The dough before and after the 60 minute rise.

SIX: During the last few minutes that the dough is rising and prepare your loaf pans by greasing them well. (Don't tell Briony but I started using shortening a while ago and I haven't had a loaf stick since. For me, it works better than olive oil spray, butter, parchment paper or any other thing I've tried. Briony would use coconut oil.)

SEVEN: Turn the dough out of the bowl and flatten it a bit to push out some of the air bubbles. Knead it for about 30 seconds and then shape it into a loaf. Drop the dough into your prepared loaf pan and let it sit for a few minutes. This short rest will allow the dough to relax so you can manipulate better. Push the dough down so it is flat and the edges touch the edges of the pan. Let the dough rise again for 45 minutes (or up to an hour if you need).

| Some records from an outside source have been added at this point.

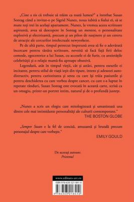 Legendara, atat in timpul vietii, cat si astazi, pentru eseurile ei incitante, pentru stilul de viata iesit din tipare, intens si adeseori autodistructiv, pentru curiozitatea si setea cu care isi traia pasiunile si pentru deschiderea cu care vorbea despre cancer, cu care s-a luptat in repetate randuri, Susan Sontag este evocata in aceasta carte, scrisa ca un omagiu, printr-un protret intim, natural si de o profunda justete.
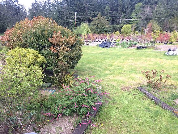 Mini farm and maple nursery with greenhouse. Over 8 acres with updated 2 bedroom 2 bath manufactured home with bamboo floors, great room, covered patio. Numerous outbuildings, studio, fruit trees, 2 ponds, 2 driveways, and truck landing. Established private nursery, with hundreds of specimen trees in pots, irrigation, large watering system. Nursery stock included. Many business possibilities, perfect retreat or event site.
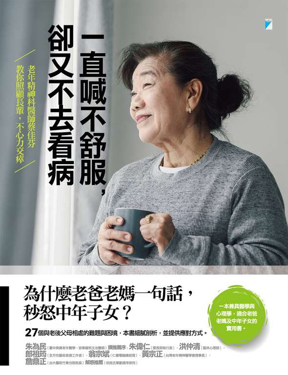 | 簡介 / | 一直喊不舒服,卻又不去看病 (電子書):為什麼老爸老媽一句話,秒怒中年子女?27個與老後父母相處的難題與困境,臺北榮總老年精神科主任蔡佳芬醫師細膩剖析,並提供應對方 |
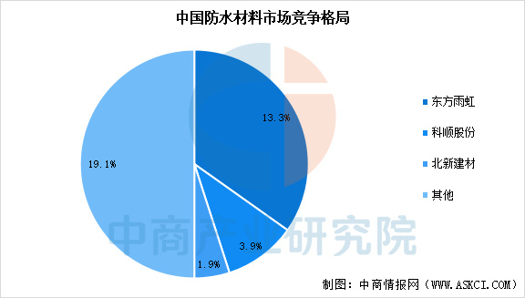 目前,我国建筑防水材料行业呈现“一超多强”的竞争格局,市场集中度较低,其中:“一超”为行业龙头企业——东方雨虹,其品牌影响力强,同时拥有全国防水卷材最多生产线,目前基本完成了全国性布局;“多强”为行业领跑企业,如科顺股份、北新建材、凯伦股份、三棵树、卓宝科技、宏源防水和雨中情等。

During the last few minutes of rising, preheat the oven to 350 degrees F.


On the left is the shaped dough, and on the right you can see
I flattened it and pushed it towards the edges of the pan.

After the second rise

EIGHT: Bake the loaves for 30 minutes or until you can insert a toothpick and have it come out without any dough bits on it. Let the loaves rest in the pan for a few minutes and then remove them from the pans and let them finish cooling on a wire rack.

Posted by Barb! :)

NUTRITION INFO:

Per slice - 126 Calories (23 Calories from Fat), 2.5g Fat, 1mg Cholesterol, 172 mg Sodium, 21.5g Total Carbohydrates, 1g Dietary Fiber, 5g Sugars, 4g Protein, 0% DV Vitamin A, 0% DV Vitamin C, 6% DV Calcium, 6% DV Iron

:)

1 comment:

  1. Hi Briony/Barb! I just made this recipe for the first time and have a couple of questions. First, if I wanted to use honey, at what point would I add it in? After the dry ingredients mix, but before adding the yeast? I used honey to proof my yeast, but then wasn't sure when to add the rest to the batter, so I just used sucanat instead. Also, my loaves didn't come out very high. They'd make a sandwich for my 2-year-old, but my husband won't be using it. I split the dough into two loaves - would it have been better to have just made one loaf? I saw Barb mentioned using gluten in her commentary, but it wasn't mentioned in the recipe. Would that help, and if so, at what point would I add it? This is the first time I've ever made bread and I don't have a breadmaker, so I'm winging it here. :) Thanks ladies!